Nova Scotians will have a new premier by spring, says political analyst

Nova Scotians will have a new premier by spring, says political analyst

A political analyst says he anticipates Nova Scotia will have a new premier by early spring.

Chris Lydon, the regional senior vice-president at m5 Public Affairs in Halifax, said he believes the party will take a couple of months to learn how to organize an election during the COVID-19 pandemic and then a few more months to give Liberal leadership candidates time to campaign.

"Don't forget, this is an internal party popularity contest and the winner becomes premier, not just leader, so it'll be enticing, I think, for a number of candidates," he told CBC's Mainstreet.

Premier Stephen McNeil announced Thursday that he will be stepping down after 17 years in public office, the last seven of which have been as premier. He said he will continue to act as premier and Liberal Party leader until the party chooses a replacement.
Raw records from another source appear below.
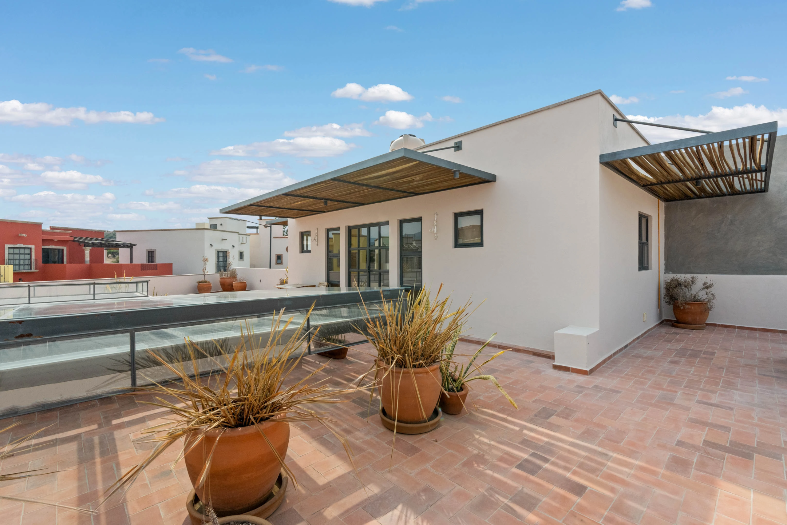 Located within an exclusive gated community, just a 10 minute drive from the lively city center and the iconic Parroquia de San Miguel Arcángel, lies your contemporary sanctuary. A true showcase of modern elegance, this single level residence featuring two bedrooms, a studio, and a small office embodies luxury living at its finest.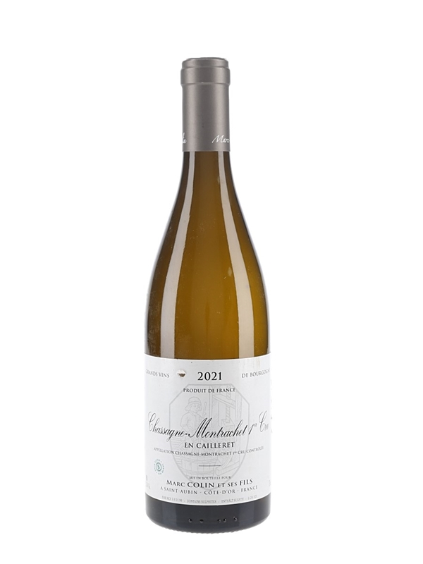 A bottle of 2021 Chassagne-Montrachet 1er Cru En Cailleret from Marc Colin.
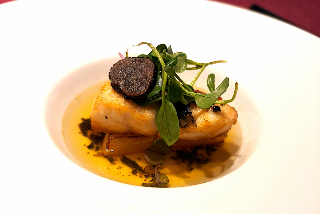 コースに新メニュー「希少・未経産近江牛のローストと気仙沼産フカヒレの姿焼き~菜園風野菜添え~」が入りました。

He said he expects a leadership campaign to take months.

Nova Scotia does not have fixed election dates but is due for an election by 2022.

McNeil, who represented Annapolis in the legislature, said he made the decision to resign prior to the pandemic, but reconsidered when the coronavirus arrived in Nova Scotia in March.

Barbara Emodi, a former communications professor at Mount Saint Vincent University in Halifax, said McNeil stepped down at exactly the right time.

"He really has been the captain of this little ship through the pandemic [and] is being very much lauded across the country for the job he's done," Emodi told Mainstreet. "And to to go out at the height of your popularity has got to feel good."

McNeil's legacy

During the announcement, McNeil reflected on key moments of his career, mentioning the recent presumed consent organ donation bill and the Nova Scotia Home for Colored Children inquiry. McNeil also issued a formal apology in 2014 to the former residents who were abused at the Dartmouth, N.S., orphanage.

"He's the premier that addressed the Home for Colored Children when other premiers wouldn't," said Michelle Coffin, a former political science professor at Dalhousie University and Saint Mary's University who worked with McNeil before he became premier.

"He's the premier that committed to and followed through on Boat Harbour when no other premier did. And he's the premier that worked harder than any other to build, not maintain, but to build stronger relationships with the province's Indigenous leadership," she told Mainstreet.

"And for that, I think Liberals will look back and will think that he provided a great legacy for Liberals over this 17-year period."

She said she was surprised McNeil didn't discuss his balanced budgets.

"He's very committed to his economic vision of the future and while some might not agree with those decisions, he had the fortitude that other premiers have not had to follow through on many of those difficult decisions," Coffin said.

But Lydon said McNeil was likely speaking from the heart during his announcement.

"His legacy will show him to have been a financial steward ... and that's what history will write," he said. "But these more emotionally substantive public policy initiatives that he was able to champion and get across the line, today are what's going to be most important to him."

CBC
CBC

But Coffin said he wasn't able to do it all. She said he often didn't take advantage of the surpluses the province had under his watch.

"When he became Liberal leader in 2007, the most important issue to him was poverty ... I'm surprised that when he became premier, there was not more attention given to alleviating poverty in the province," she said.

According to a 2019 report, one in four mainland children and one in three Cape Breton children live in poverty. The national child poverty average is one in five.

"I did not think that's where we would be today after seven years of his leadership," Coffin said.